*** Dataset content
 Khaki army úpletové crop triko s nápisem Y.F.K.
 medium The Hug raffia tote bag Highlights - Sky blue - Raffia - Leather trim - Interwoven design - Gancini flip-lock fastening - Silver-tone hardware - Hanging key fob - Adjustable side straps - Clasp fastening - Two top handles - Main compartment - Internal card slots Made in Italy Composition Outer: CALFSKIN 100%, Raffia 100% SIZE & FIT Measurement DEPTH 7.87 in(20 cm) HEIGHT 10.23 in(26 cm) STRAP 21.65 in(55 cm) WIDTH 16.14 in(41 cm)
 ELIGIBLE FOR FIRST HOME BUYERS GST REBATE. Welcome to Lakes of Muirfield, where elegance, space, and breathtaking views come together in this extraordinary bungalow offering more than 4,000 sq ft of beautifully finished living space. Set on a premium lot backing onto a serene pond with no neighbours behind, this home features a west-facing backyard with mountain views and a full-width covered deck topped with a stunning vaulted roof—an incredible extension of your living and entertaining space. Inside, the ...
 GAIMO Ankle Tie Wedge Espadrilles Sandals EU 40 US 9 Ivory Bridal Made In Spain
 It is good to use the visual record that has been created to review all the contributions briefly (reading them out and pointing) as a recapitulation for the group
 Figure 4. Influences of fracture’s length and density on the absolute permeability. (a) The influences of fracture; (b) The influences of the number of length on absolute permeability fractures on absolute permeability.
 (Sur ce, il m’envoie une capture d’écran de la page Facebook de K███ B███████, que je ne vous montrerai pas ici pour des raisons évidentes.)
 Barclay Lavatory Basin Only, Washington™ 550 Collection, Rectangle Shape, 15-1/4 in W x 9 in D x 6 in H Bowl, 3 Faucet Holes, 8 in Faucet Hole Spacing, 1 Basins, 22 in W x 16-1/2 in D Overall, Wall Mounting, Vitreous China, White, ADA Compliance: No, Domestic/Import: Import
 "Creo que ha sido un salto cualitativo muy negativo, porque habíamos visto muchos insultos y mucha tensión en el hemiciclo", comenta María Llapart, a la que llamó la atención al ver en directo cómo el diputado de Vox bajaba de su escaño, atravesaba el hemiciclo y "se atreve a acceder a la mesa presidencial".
******
*** Dataset content
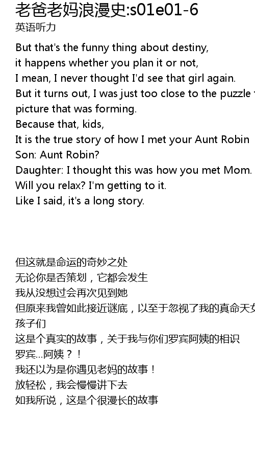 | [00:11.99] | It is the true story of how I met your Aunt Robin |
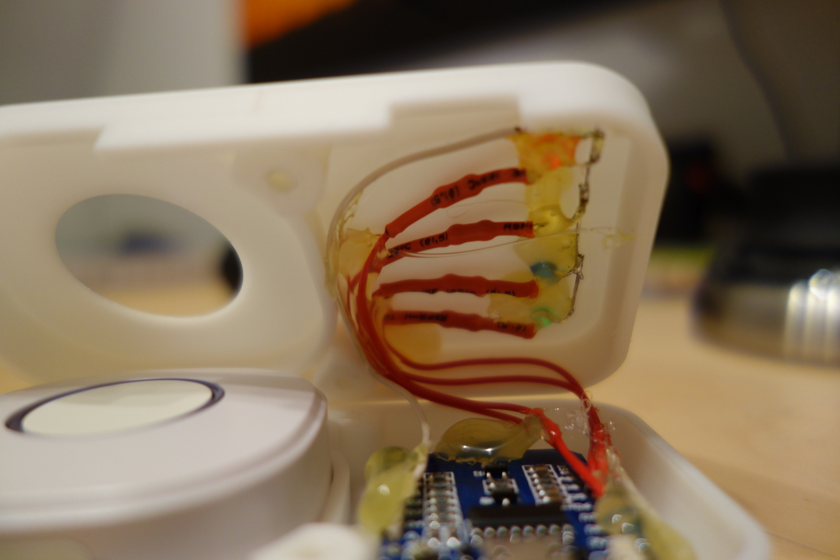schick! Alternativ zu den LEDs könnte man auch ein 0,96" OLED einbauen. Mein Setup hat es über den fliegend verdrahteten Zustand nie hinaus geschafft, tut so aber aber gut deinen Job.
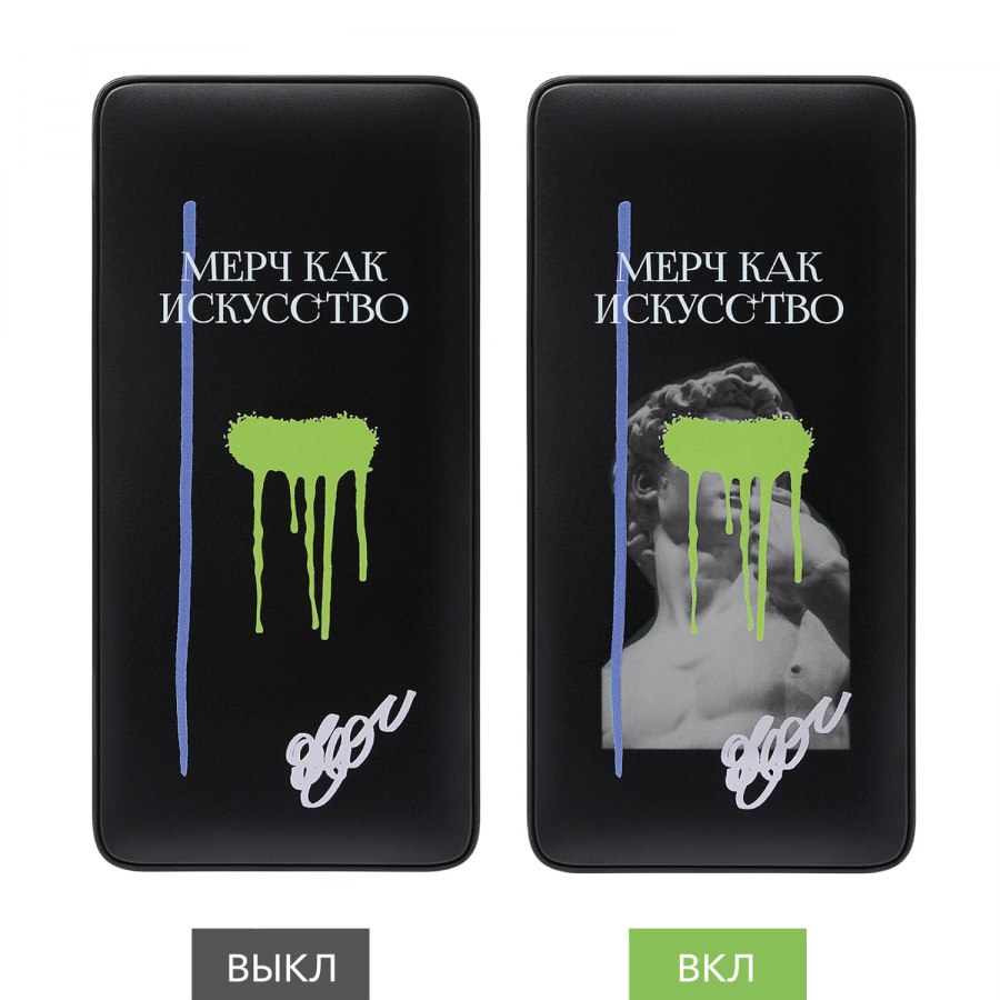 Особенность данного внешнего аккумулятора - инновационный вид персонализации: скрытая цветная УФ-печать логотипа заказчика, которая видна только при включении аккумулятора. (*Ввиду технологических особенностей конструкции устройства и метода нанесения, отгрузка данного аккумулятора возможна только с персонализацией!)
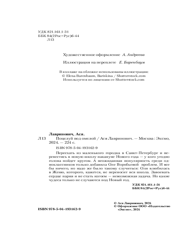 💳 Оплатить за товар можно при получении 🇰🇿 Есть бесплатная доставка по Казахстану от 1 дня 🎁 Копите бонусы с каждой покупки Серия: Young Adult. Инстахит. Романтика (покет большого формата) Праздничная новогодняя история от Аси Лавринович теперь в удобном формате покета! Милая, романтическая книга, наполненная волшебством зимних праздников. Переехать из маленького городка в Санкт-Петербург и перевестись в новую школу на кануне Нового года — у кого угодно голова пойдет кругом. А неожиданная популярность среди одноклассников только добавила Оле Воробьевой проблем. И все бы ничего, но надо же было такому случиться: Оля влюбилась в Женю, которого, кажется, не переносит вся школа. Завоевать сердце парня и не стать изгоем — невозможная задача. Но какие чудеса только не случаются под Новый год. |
******
*** Dataset content
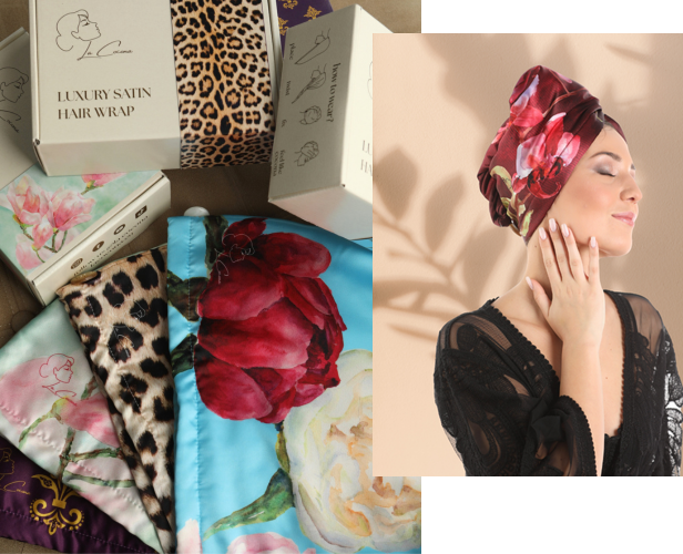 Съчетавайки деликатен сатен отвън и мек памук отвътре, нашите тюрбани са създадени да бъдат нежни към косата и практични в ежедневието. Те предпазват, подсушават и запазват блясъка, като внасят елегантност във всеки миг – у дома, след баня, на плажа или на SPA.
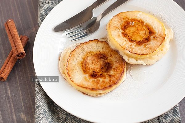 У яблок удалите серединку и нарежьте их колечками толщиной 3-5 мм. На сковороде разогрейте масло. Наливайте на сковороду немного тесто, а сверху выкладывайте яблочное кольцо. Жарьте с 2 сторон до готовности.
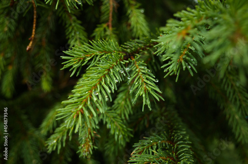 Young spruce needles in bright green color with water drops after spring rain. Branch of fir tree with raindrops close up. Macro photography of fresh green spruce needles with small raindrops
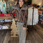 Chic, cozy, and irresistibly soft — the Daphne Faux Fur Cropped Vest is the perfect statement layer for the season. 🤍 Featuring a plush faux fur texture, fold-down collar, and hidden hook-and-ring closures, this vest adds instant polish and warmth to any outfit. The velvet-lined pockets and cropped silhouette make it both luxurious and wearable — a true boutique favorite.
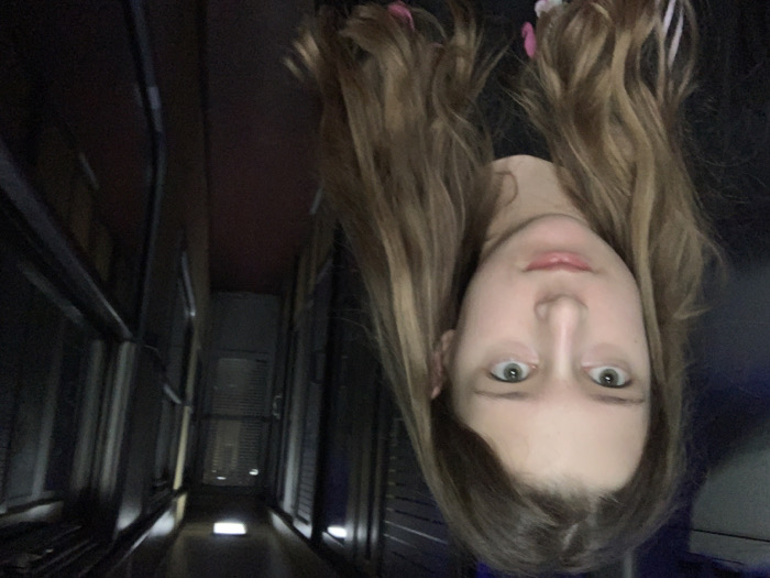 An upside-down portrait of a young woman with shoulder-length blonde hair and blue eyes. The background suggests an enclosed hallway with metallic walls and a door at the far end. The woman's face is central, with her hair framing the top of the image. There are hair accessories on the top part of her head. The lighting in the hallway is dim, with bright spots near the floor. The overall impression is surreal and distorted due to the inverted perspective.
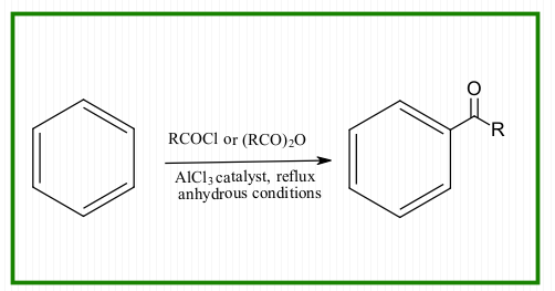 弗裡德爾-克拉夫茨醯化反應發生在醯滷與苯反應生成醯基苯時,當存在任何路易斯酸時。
******
■ About this exercise
Where the word "Made" shows up in a line of the entries above, copy that line.

■ Task result
 medium The Hug raffia tote bag Highlights - Sky blue - Raffia - Leather trim - Interwoven design - Gancini flip-lock fastening - Silver-tone hardware - Hanging key fob - Adjustable side straps - Clasp fastening - Two top handles - Main compartment - Internal card slots Made in Italy Composition Outer: CALFSKIN 100%, Raffia 100% SIZE & FIT Measurement DEPTH 7.87 in(20 cm) HEIGHT 10.23 in(26 cm) STRAP 21.65 in(55 cm) WIDTH 16.14 in(41 cm)
 GAIMO Ankle Tie Wedge Espadrilles Sandals EU 40 US 9 Ivory Bridal Made In Spain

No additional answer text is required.